Kathmandu may be the first city that comes to mind when you mention Nepal. But when it comes to retracing the infamous 'Hippie Trail' of the 1960s, there is no better place than Pokhara. Little known outside the hard-core travel circuit, Pokhara is Nepal's 3rd largest city, and - more importantly - lies in the shadow of three of the ten tallest mountains in the world.

On Friday, Gadling presented 48 hours in Kathmandu as a brief introduction to the mountain kingdom. But to truly come face-to-face with the majesty and grandeur of Nepal, you have to climb up into the Himalayas.

Prior to the construction of a major highway in 1968, the only way to access Pokhara was to hike in. Difficult access meant that travelers were in no rush to go anywhere else. The stories of bygone sex, drugs and rock n' roll in Pokhara are absolutely legendary.

With jet-setting flashpackers becoming more of the norm rather than the exception, things are certainly more PG-13 these days. But that doesn't mean that Pokhara is any less magical. Have we peaked your interest yet? Read on to find out more about the last vestiges of the Himalayan Hippie Trail.
Everest is the unquestionable rooftop of the world, but the Annapurna circuit has no less than three mountains that break the 8,000 meter (26,246 feet) mark. Considering that Pokhara and the surrounding valley bottom out at 1,500 meters (4,921 feet), the contrast scale is epic.

And then there's the vegetation. Lying in sub-tropical climes, Pokhara is flush with flowering plants, leafy vines and towering trees.
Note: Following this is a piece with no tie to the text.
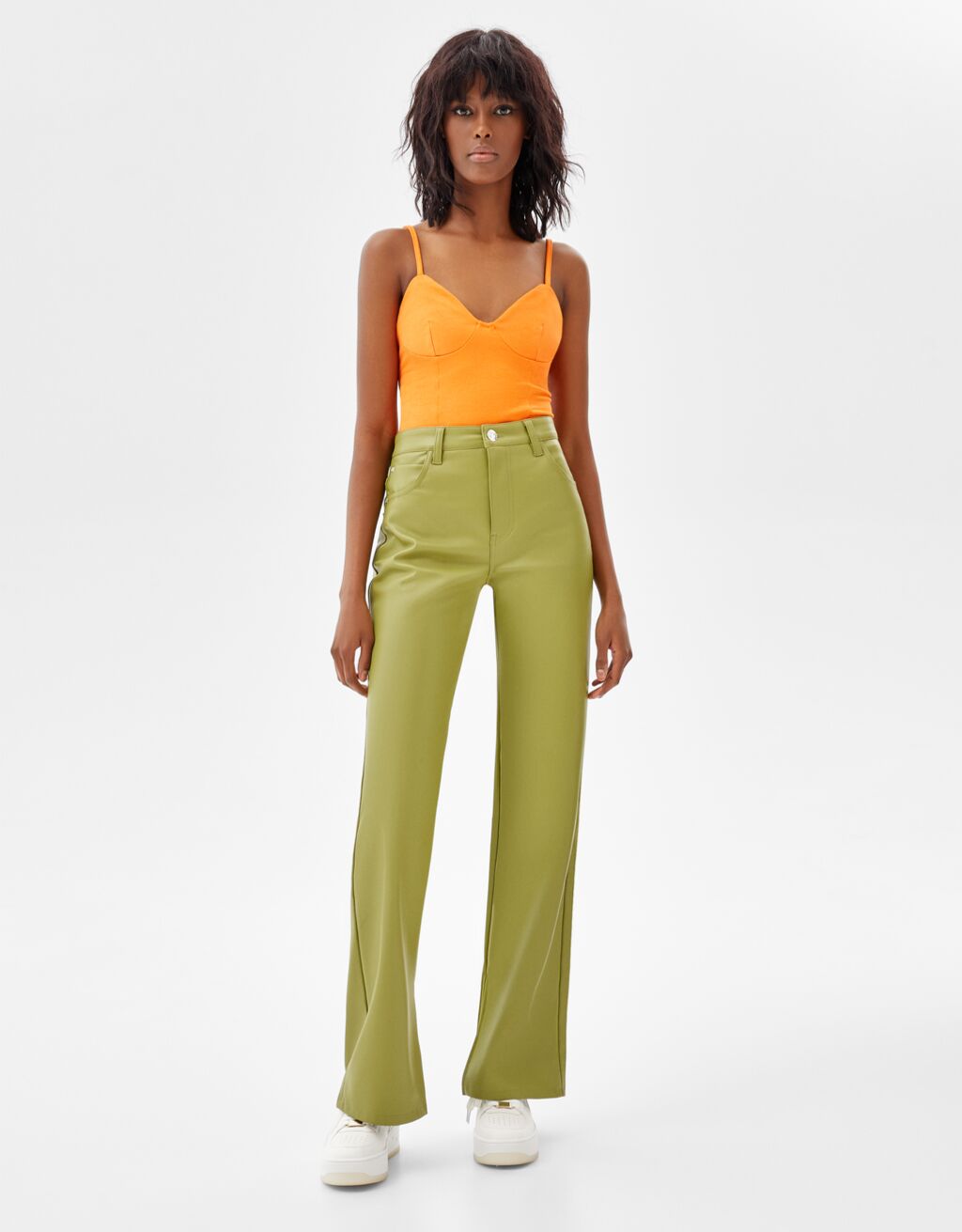 En diseño recto, tiro alto y talle largo, sus bolsillos funcionales, cierre de cremallera, botón metálico y delicadas trabillas. Sus perneras ajustadas y sus bajos un poco anchos. Destaca todo tu estilo y exhibe tu figura con un ajustado top. En color kaki y puedes llevarlo por 25,99 euros.

Outside the city limits, the jungle quickly takes root. Not long ago, tiger sightings were quite common, though sadly their numbers are on the decline.

With so much stunning nature, it shouldn't come as a surprise that hiking and trekking are the two main activities on hand. In town, every other shop will sell you North Face-branded gear (most of dubious origins), and offer guiding services, chartered expeditions or simply friendly advice.

If you're inexperienced with high-altitude alpine conditions, consider an overnight hike to the hill station at Sarangkot. Although you're just a smidgen above 2,000 meters (6,561 feet), you're still high enough to escape from the urban confines.

You're also in the shadow of the Annapurna range, and well-positioned for one of the most spectacular sunrises of your life. In the wee hours of the morning, the sun crosses the horizon on the opposite end of the valley, slowly enveloping the Himalayas in a blanket of soft orange light.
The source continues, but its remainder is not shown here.